Текебай не вымолвил ни слова, сидел все время пришибленный. Тем сильнее расходилась Букен:
— О-о, боже! Не мучай нас, верных своих рабов. Не Текебай, а я поминала каждый четверг его отца и мать, нажарив поминальных лепешек или зарезав скотину. Это ли моя вина, Текебай?! Есть у тебя язык? О чтоб тебя покарал дух предков! Откуда мне знать, что на душе у твоей жены, с которой ты вместе спал? Разве ты не знаешь, она точно взбесилась, не признавала тебя за мужа и зарилась на других мужчин. Каждую ночь под пятницу она металась, как сумасшедшая, брызгая слюной! Небось и вам приходилось видеть, дорогие аилчане, как эта женщина, потеряв всякий стыд, вместе с парнями скакала на бычке? Скажите свое справедливое слово…
Распалившаяся Букен, вероятно, обрушилась бы во всем на Батийну, только б ее не перебивали. Она бы сказала: «Это ты, мол, взбаламутила глупую женщину! Подлая салбар, чтоб мне видеть тебя при смерти! Хватит моих проклятий, чтоб ты околела, пусть даже ты побывала не то что в Москве, по и в самой Мекке! Пусть исчезнет само имя Букен, если так не свершится! Ты хочешь, наверное, отомстить всем мужчинам за то, что Алымбай оставил тебя в салбарах. Ты — дьявольское отродье, что сбивает толпу простодушных женщин, прожужжав уши: «Не позволяйте, мол, продавать себя за калым, не выходите замуж за стариков. Токолы, бросайте своих мужей!» Когда женщины теряют совесть, рушатся и обычаи. В небе начинают царить, размахивая крыльями, джинны и шайтаны, а взбесившиеся женщины распускают подолы своих платьев. Лучше уходи отсюда, не мути женщин, живущих в мире и покое!»
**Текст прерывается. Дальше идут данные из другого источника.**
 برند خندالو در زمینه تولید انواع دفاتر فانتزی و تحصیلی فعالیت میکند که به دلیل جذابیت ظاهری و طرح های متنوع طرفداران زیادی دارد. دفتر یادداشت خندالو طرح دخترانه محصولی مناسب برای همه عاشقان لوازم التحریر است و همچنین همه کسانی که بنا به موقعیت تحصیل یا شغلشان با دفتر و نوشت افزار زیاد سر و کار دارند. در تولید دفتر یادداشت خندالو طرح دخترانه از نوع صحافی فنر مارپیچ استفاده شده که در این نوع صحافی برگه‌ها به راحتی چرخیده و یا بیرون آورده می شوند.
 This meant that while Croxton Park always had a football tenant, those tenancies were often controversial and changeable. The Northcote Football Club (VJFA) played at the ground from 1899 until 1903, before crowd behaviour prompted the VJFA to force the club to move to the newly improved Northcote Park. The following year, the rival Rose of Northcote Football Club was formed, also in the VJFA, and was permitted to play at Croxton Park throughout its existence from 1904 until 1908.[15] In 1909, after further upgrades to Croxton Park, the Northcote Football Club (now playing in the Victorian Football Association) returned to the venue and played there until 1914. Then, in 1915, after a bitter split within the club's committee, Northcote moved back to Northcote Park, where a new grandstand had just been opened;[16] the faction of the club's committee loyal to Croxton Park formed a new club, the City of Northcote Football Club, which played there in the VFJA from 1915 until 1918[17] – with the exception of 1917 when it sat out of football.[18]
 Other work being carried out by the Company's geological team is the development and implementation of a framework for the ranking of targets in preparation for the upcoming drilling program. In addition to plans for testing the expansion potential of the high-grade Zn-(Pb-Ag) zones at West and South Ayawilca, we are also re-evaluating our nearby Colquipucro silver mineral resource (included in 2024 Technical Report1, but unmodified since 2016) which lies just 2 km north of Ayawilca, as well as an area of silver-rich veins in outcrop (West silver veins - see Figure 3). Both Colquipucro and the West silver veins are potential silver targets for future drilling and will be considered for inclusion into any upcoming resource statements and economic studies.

Если б Букен не перебивали, уж она бы с пеной у рта неутомимо доказывала бы свое и, возможно, склонила бы кое-кого из наивных людей на свою сторону.
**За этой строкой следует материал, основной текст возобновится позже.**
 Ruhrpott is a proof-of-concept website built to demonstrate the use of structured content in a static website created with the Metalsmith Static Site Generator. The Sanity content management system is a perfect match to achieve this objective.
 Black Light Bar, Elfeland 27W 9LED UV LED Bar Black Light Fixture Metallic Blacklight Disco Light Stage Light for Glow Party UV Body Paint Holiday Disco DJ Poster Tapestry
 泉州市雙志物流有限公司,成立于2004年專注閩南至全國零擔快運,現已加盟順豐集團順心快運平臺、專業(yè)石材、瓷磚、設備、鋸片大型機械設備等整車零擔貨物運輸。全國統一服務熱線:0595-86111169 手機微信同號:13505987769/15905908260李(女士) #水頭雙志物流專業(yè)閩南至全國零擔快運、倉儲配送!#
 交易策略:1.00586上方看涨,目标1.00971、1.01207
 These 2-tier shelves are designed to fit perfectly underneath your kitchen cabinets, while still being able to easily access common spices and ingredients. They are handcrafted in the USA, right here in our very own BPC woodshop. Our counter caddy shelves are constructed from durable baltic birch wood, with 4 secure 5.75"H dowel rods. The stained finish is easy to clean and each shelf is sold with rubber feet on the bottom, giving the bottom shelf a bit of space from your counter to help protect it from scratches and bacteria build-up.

Но Батийна разгадала коварный ход Букен и решила применить противоядие.
— Хватит вам разоряться, — резко оборвала ее.
Букен сразу уподобилась наивному ребенку.
— Э… боже мой, а что значит — разоряться?
Толстые щеки у Букен налились кровью так, что посинели, сделались почти черными, помутневшие глаза выпучились.
«Цапнуть бы тебе лицо ногтями, грязная салбар! Ишь, разоряешься, говорит!» — лишь подумала Букен, задыхаясь в бессильной злобе.
Батийна говорила спокойно, с достоинством. Неслышно вздыхая, женщины сидели с сияющими лицами:
«Ведь она верно говорит! Мы сами, женщины, тоже виноваты. Чем перечить мужу и упрямиться до тех пор, пока лепешка не прогорит, не лучше ли беречь его, отца твоих детей, да быть поласковей к нему? Тогда и мужчины будут уважать нас. Говори, дорогая! Докажи, что белоушие женщины ни в чем не уступят золотоголовым мужчинам, если получат свободу! Ах, непутевые мужчины, чтоб бог проучил вас! Если вы скакуны, то мы — ваши сердца, дающие вам силу! Если вы — хваткие соколы, то мы — ваши крылья, дающие вам взмыть ввысь!»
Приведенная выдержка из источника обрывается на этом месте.